• [Input material]
╭──
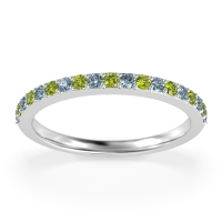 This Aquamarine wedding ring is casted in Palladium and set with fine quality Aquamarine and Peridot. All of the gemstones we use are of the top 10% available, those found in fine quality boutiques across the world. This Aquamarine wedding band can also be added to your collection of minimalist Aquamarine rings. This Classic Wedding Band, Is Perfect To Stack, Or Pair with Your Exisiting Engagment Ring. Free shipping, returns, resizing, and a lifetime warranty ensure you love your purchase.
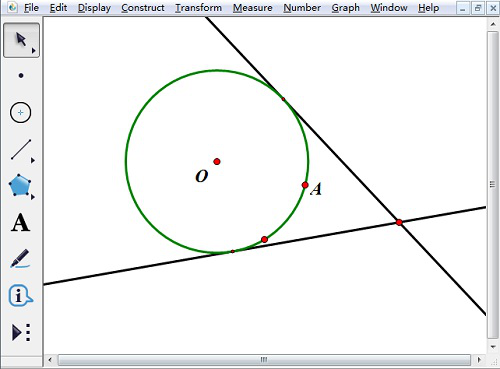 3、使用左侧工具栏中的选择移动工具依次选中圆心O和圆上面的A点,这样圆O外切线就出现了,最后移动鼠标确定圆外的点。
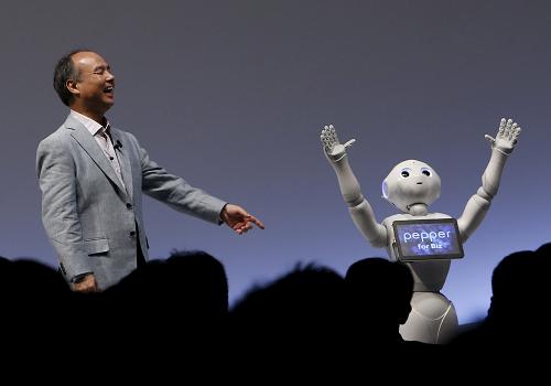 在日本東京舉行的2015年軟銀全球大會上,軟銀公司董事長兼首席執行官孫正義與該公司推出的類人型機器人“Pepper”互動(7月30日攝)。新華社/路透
╰──
╭──
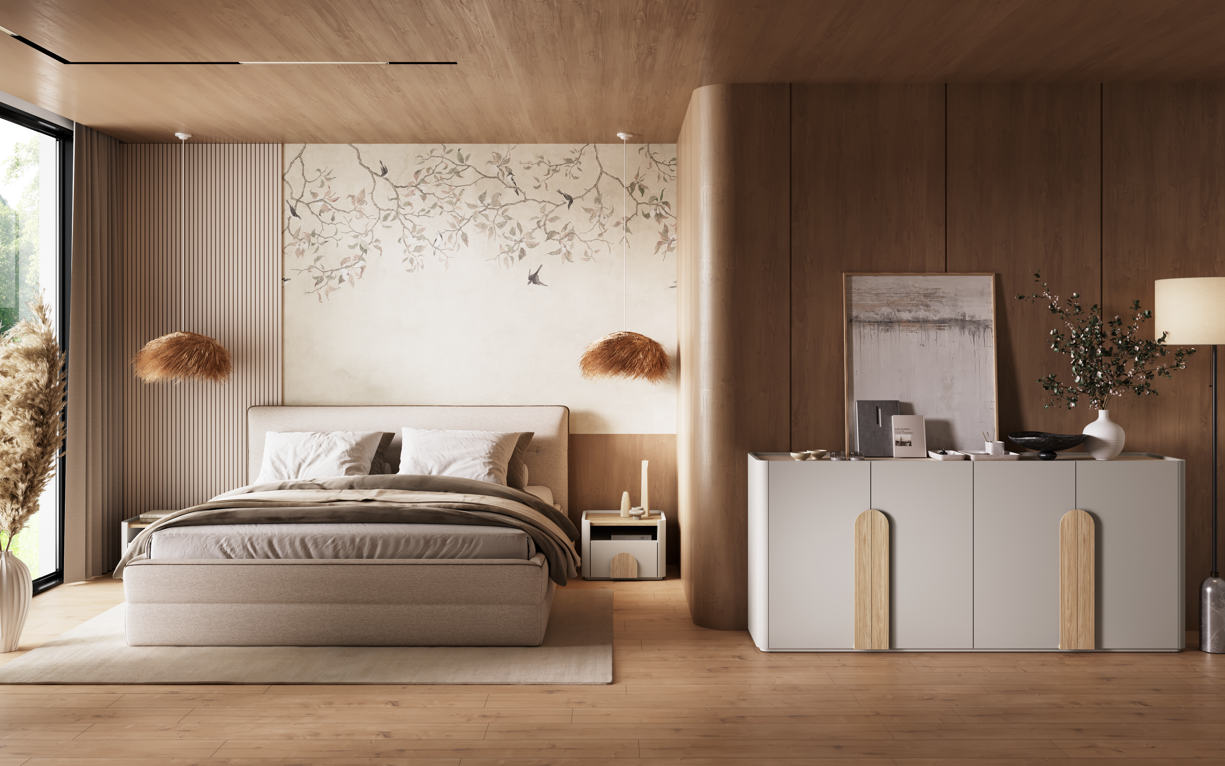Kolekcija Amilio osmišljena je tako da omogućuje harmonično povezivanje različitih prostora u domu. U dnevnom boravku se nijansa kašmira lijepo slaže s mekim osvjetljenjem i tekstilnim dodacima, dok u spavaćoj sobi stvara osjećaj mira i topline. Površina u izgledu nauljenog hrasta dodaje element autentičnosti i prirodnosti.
╰──
• [Exercise aim]
Starting at the line above that has "3、使用左侧工具栏中的选择移" and ending at the line that has "在日本東京舉行的2015年軟", copy each line exactly, leaving the pictures out and adding nothing.

• [Answer area]
 3、使用左侧工具栏中的选择移动工具依次选中圆心O和圆上面的A点,这样圆O外切线就出现了,最后移动鼠标确定圆外的点。
 在日本東京舉行的2015年軟銀全球大會上,軟銀公司董事長兼首席執行官孫正義與該公司推出的類人型機器人“Pepper”互動(7月30日攝)。新華社/路透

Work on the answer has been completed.